Fouquet and Aramis looked at each other. The king resumed: “M. d’Herblay can serve us equally well in France; an archbishopric, for instance.”
“Sire,” objected Fouquet, with a grace of manner peculiarly his own, “your majesty overwhelms M. d’Herblay; the archbishopric may, in your majesty’s extreme kindness, be conferred in addition to the hat; the one does not exclude the other.”
The king admired the readiness which he displayed, and smiled, saying: “D’Artagnan himself could not have answered better.” He had no sooner pronounced the name than D’Artagnan appeared.
“Did your majesty call me?” he said.
Aramis and Fouquet drew back a step, as if they were about to retire.
“Will your majesty allow me,” said D’Artagnan quickly, as he led forward Porthos, “to present to your majesty M. le Baron du Vallon, one of the bravest gentlemen of France?”
As soon as Aramis saw Porthos, he turned as pale as death, while Fouquet clenched his hands under his ruffles. D’Artagnan smiled blandly at both of them, while Porthos bowed, visibly overcome before the royal presence.
“Porthos here?” murmured Fouquet in Aramis’s ear.
“Hush! deep treachery at work,” hissed the latter.

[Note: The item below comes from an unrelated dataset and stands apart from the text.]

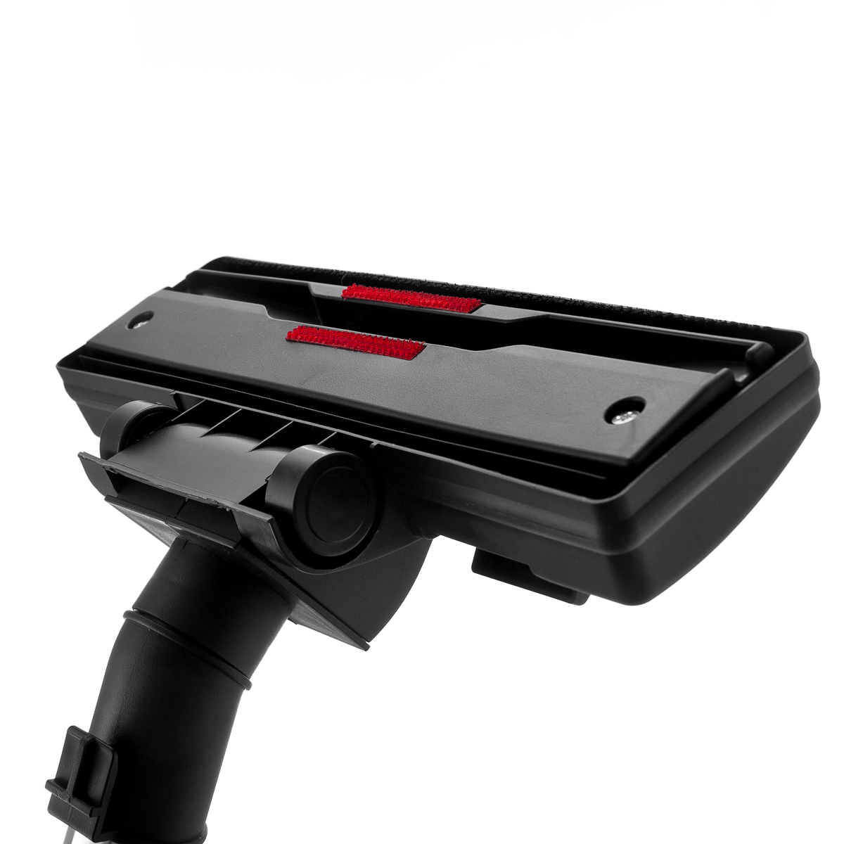 В комплект входят щетка для чистки мебели, щелевая насадка, а также универсальная щётка с переключателем пол/ковёр.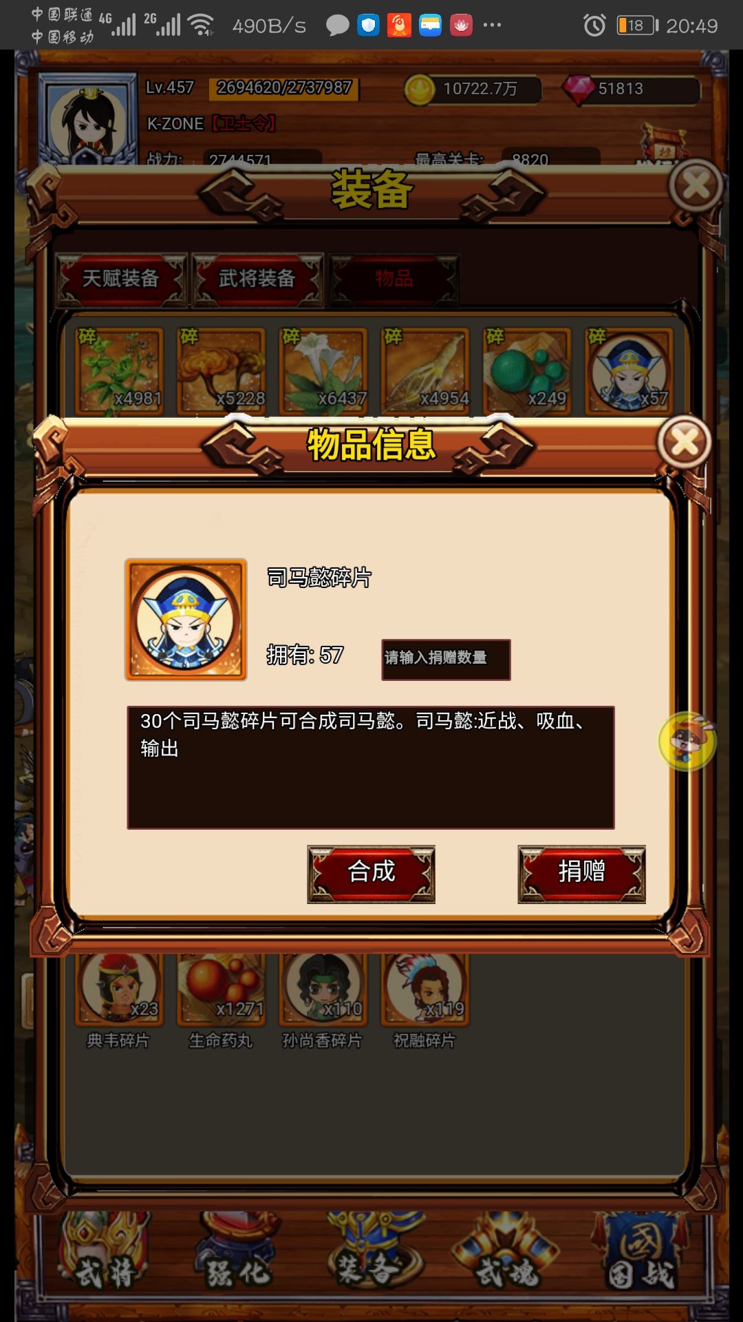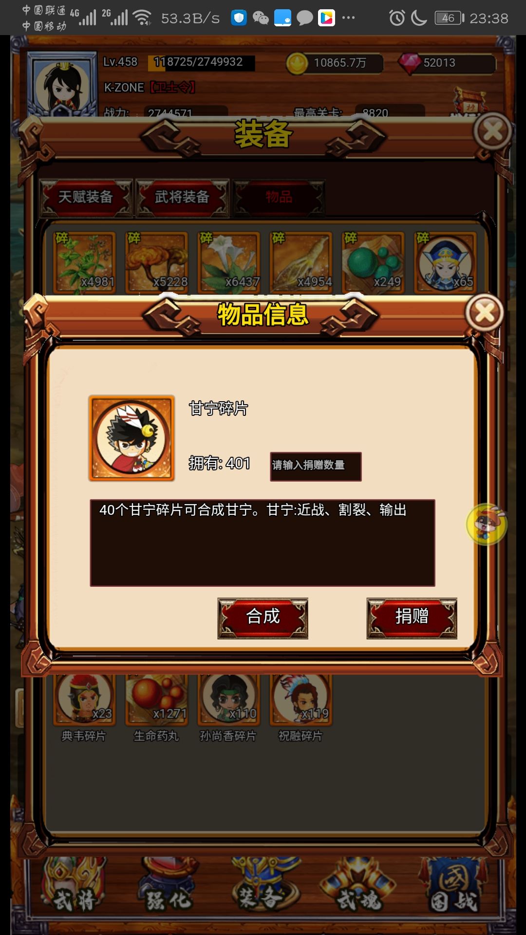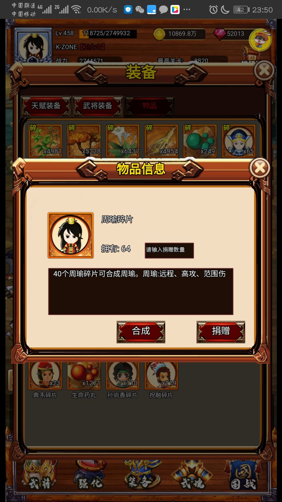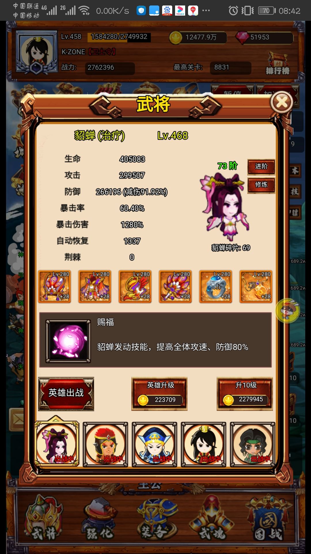 小结:肉盾除了太史慈到目前我还有用,其他的都是放仓库了,肉盾大多数都是用在前中期,到了后期你根本没法防住多少波,而且推图关键还是看攻击力,最好的防守就是进攻,所以肉方面除了太史,其他不需要投入太多。

“Sire,” said D’Artagnan, “it is more than six years ago I ought to have presented M. du Vallon to your majesty; but certain men resemble stars, they move not one inch unless their satellites accompany them. The Pleiades are never disunited, and that is the reason I have selected, for the purpose of presenting him to you, the very moment when you would see M. d’Herblay by his side.”

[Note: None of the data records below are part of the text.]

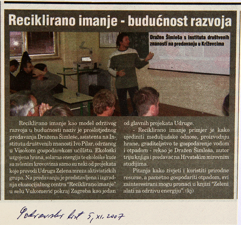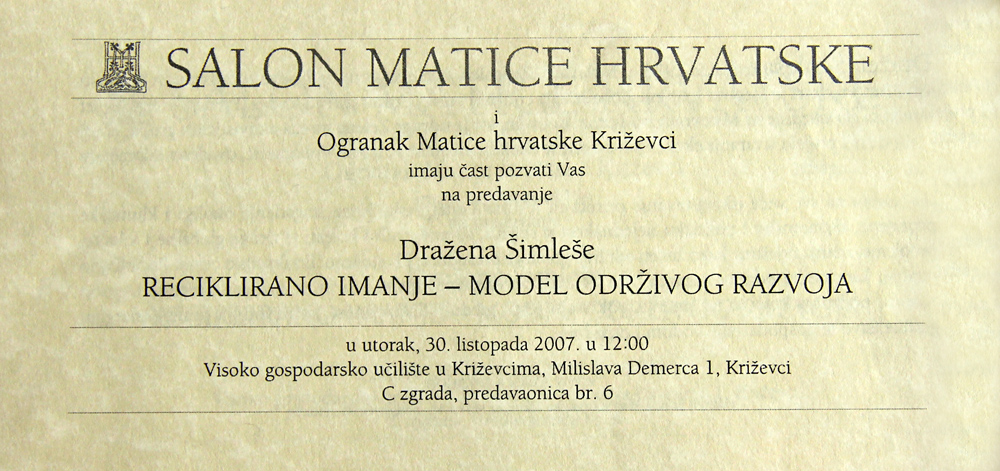 U utorak 30. listopada 2007. na Visokom gospodarskom učilišta u Križevcima, u organizaciji Ogranka Matice hrvatske Križevci, održano je predavanje Dražena Šimleše „Reciklirano imanje – model održivog razvoja”.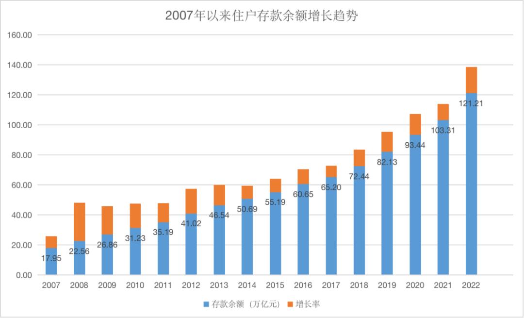 央行数据显示,2022年我国住户本外币存款同比增长近18万亿元,与前三年每年增长约10万亿元相比,多增加了约8万亿元。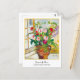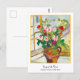 Postal de arte fino con el dibujo de Suzanne Valadon (1865-1938), titulado Bouquet de Fleurs. Una artista francesa que fue aclamada pintora en su época. Un ramo de flores rojas y rosas con vegetación en un cántaro de cerámica junto a la ventana.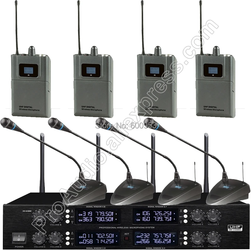 أرغب في شراءمعلومات اضافية Micwl uhf تردد قابل للتعديل 4 beltpack كليب 4 منضدية معقوفة مؤتمر نظام الميكروفون اللاسلكي الرقمي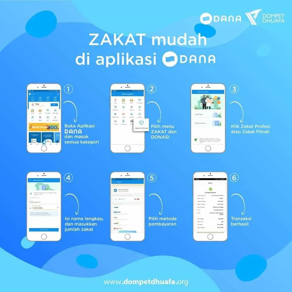 Salah satu dompet digital, DANA juga bekerja sama dengan lembaga Dompet Dhuafa untuk menghadirkan fitur membayar zakat online melalui platform tersebut.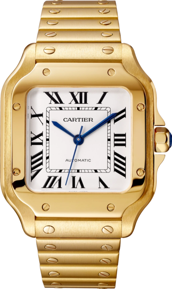 18kt yellow gold case with a brown leather strap. Fixed 18kt yellow gold bezel. Silver dial with luminous hands and Roman numeral hour markers. Minute markers around an inner ring. Automatic movement. Scratch resistant sapphire crystal. Octagonal set crown inlaid with a faceted sapphire. Solid case back. Case diameter: 38 mm x 51 mm. Case thickness: 10 mm. Fold-under deployment clasp. Water resistant at 100 meters / 330 feet. Functions: hours, minutes, seconds. AdditionalInfo: 18kt yellow gold octagonal crown set with faceted sapphire. Cartier Santos 18kt Yellow Gold Men’s Watch W20071Y1.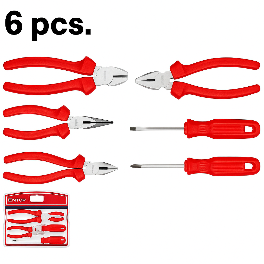 Juego basico de 5 herramientas esenciales, ideal para reparaciones domésticas, eléctricas o de mantenimiento general. Incluye pinzas combinadas, de punta larga, de corte diagonal y dos desarmadores de uso común. Fabricadas con materiales de alta calidad y mangos ergonómicos monocolor, brinda comodidad, durabilidad y un excelente agarre.
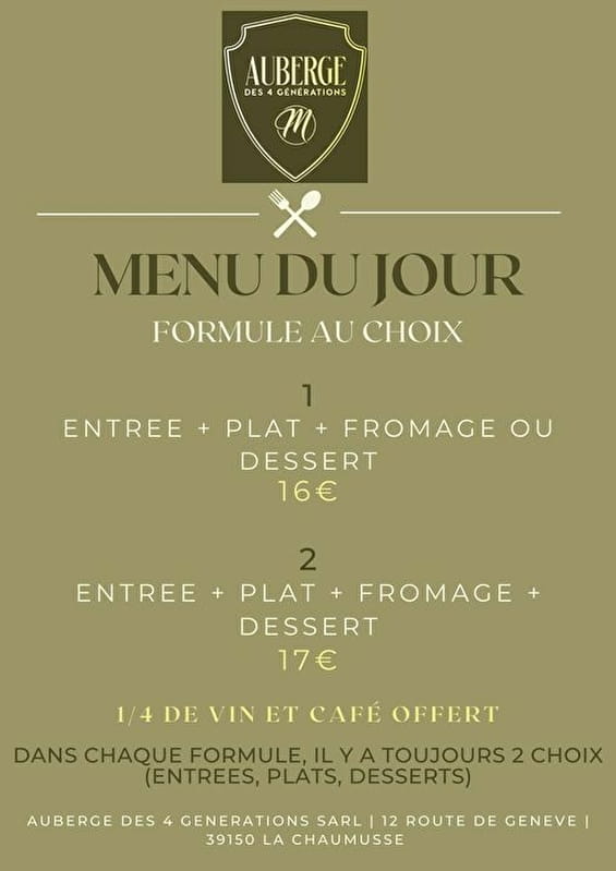 L'auberge 4 générations vous propose des plats élaborés à partir de produits frais, de saisons à déguster dans un décor agréable et un accueil très chaleureux.

Aramis almost lost countenance. He looked at D’Artagnan with a proud, haughty air, as though willing to accept the defiance the latter seemed to throw down.

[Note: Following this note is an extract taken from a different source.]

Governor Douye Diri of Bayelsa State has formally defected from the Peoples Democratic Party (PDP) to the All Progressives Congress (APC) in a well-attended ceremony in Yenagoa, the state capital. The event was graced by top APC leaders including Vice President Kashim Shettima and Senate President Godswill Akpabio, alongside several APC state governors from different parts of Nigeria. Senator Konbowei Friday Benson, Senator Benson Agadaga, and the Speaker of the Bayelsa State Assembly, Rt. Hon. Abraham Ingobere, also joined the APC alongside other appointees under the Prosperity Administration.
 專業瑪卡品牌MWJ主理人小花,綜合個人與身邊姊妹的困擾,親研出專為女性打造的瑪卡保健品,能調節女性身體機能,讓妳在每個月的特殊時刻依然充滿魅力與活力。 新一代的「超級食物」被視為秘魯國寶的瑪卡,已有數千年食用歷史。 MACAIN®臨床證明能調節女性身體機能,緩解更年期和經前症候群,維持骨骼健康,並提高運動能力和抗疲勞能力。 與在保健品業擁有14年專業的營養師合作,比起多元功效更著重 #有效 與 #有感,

“Ah! these gentlemen are good friends, then?” said the king.
“Excellent friends, sire; the one can answer for the other. Ask M. de Vannes now in what manner Belle-Isle was fortified?” Fouquet moved back a step.
“Belle-Isle,” said Aramis, coldly, “was fortified by that gentleman,” and he indicated Porthos with his hand, who bowed a second time. Louis could not withhold his admiration, though at the same time his suspicions were aroused.
“Yes,” said D’Artagnan, “but ask monsieur le baron whose assistance he had in carrying the works out?”
“Aramis’s,” said Porthos, frankly; and he pointed to the bishop.
“What the deuce does all this mean?” thought the bishop, “and what sort of a termination are we to expect to this comedy?”